S. pneumoniae capsule locus. Rx1 harbors a type 3 capsule locus acquired by A66 DNA through a double crossover between IS630-SpnI and aliA. At the 3′ end, recombination produced the insertion of an ISL3 transposase and a 950-bp deletion of the aliA 5′ end, as in the A66 capsule locus. IS1548 identifies (i) a 5′ fragment, common to all serotypes (14), that contains wzg and wzh pseudogenes and wzd and wze genes and is not involved in type 3 capsular synthesis (15) and (ii) a 3′ fragment containing ugd/cap3D/cap3A UDP-glucose dehydrogenase gene, wchE/cps3S/cap3B synthase gene, galU/cps3U/cap3C, and pgm/cps3M/cap3D genes involved in UDP-glucose biosynthesis (15–17). The nucleotide change g.317,495C>T in ugd/cps3A/cps3D (indicated with an asterisk) causes p.R320C in the UDP-glucose dehydrogenase UDP-binding domain. The type 2 capsule locus of R36A harbors a 7,505-bp deletion involving the 3′ end of wzg/cps2A, seven genes (namely, wzh/cps2B, wzd/cps2C, wze/cps2D, wchA/cps2E, wchF/cps2T, wchG/cps2F, and wchH/cps2G), and the 5′ end of wzy/cps2H (18). The deletion event left an inverted 25-bp fragment (indicated with an open box) belonging to the lost wzg/cps2A 3′ end.

Data availability.

The complete genome sequences of R36A and Rx1 are available under GenBank accession no.
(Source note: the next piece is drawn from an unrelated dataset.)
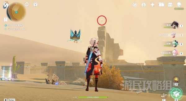 第二天的未来星位于沙漠地区,需要打沙漠新遗迹怪,建议提前调整好阵容。目标位置位于地上,可以传送到铄石之丘传送锚点然后跑过去。

CP079922 and CP079923, respectively. The sequencing project is available under NCBI BioProject accession no. PRJNA748391. Nanopore and Illumina sequencing reads are available under Sequence Read Archive (SRA) accession no. SRR15216323 and SRR15216322, respectively, for R36A and SRA accession no. SRR15216380 and SRR15216379, respectively, for Rx1.